Your assignment -> Look through the entries below for the line with "Voilà à quoi" and the line with "संसू जायगरण •", then give again exactly those two lines and all lines between them, minus the pictures.

Input data ->
● ● ● ● ●

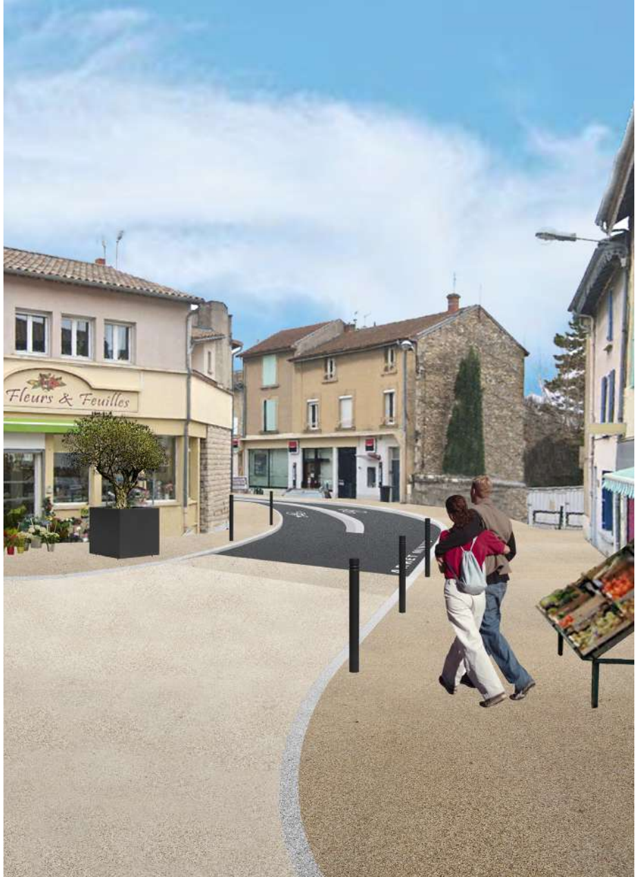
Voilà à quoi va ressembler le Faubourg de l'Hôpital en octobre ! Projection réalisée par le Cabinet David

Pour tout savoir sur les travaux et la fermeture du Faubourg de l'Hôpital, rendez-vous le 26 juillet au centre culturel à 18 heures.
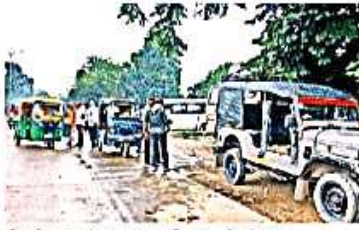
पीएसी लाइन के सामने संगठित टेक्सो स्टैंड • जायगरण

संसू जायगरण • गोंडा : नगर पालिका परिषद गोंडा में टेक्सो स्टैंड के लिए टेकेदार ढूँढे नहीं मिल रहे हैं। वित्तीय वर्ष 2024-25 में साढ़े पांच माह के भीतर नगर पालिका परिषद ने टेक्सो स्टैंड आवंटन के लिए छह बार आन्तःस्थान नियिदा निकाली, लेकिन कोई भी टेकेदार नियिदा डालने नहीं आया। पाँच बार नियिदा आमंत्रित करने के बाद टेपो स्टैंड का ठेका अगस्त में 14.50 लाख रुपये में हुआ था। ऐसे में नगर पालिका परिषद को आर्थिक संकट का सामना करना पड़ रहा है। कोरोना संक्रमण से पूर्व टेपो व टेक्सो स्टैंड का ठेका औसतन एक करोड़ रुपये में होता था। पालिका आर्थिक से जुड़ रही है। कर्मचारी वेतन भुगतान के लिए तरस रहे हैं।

● ● ● ● ●

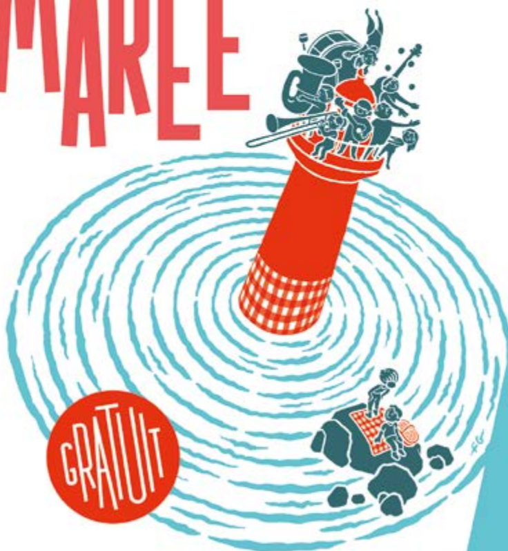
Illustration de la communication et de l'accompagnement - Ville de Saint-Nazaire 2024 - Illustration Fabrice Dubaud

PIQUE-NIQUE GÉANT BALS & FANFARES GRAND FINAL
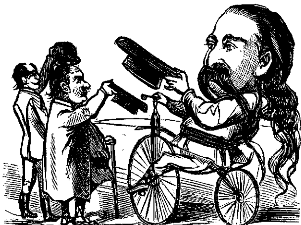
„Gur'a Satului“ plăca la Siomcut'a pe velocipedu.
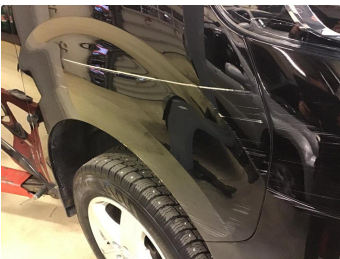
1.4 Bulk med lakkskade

● ● ● ● ●

Result of the exercise ->
Voilà à quoi va ressembler le Faubourg de l'Hôpital en octobre ! Projection réalisée par le Cabinet David

Pour tout savoir sur les travaux et la fermeture du Faubourg de l'Hôpital, rendez-vous le 26 juillet au centre culturel à 18 heures.
पीएसी लाइन के सामने संगठित टेक्सो स्टैंड • जायगरण

संसू जायगरण • गोंडा : नगर पालिका परिषद गोंडा में टेक्सो स्टैंड के लिए टेकेदार ढूँढे नहीं मिल रहे हैं। वित्तीय वर्ष 2024-25 में साढ़े पांच माह के भीतर नगर पालिका परिषद ने टेक्सो स्टैंड आवंटन के लिए छह बार आन्तःस्थान नियिदा निकाली, लेकिन कोई भी टेकेदार नियिदा डालने नहीं आया। पाँच बार नियिदा आमंत्रित करने के बाद टेपो स्टैंड का ठेका अगस्त में 14.50 लाख रुपये में हुआ था। ऐसे में नगर पालिका परिषद को आर्थिक संकट का सामना करना पड़ रहा है। कोरोना संक्रमण से पूर्व टेपो व टेक्सो स्टैंड का ठेका औसतन एक करोड़ रुपये में होता था। पालिका आर्थिक से जुड़ रही है। कर्मचारी वेतन भुगतान के लिए तरस रहे हैं।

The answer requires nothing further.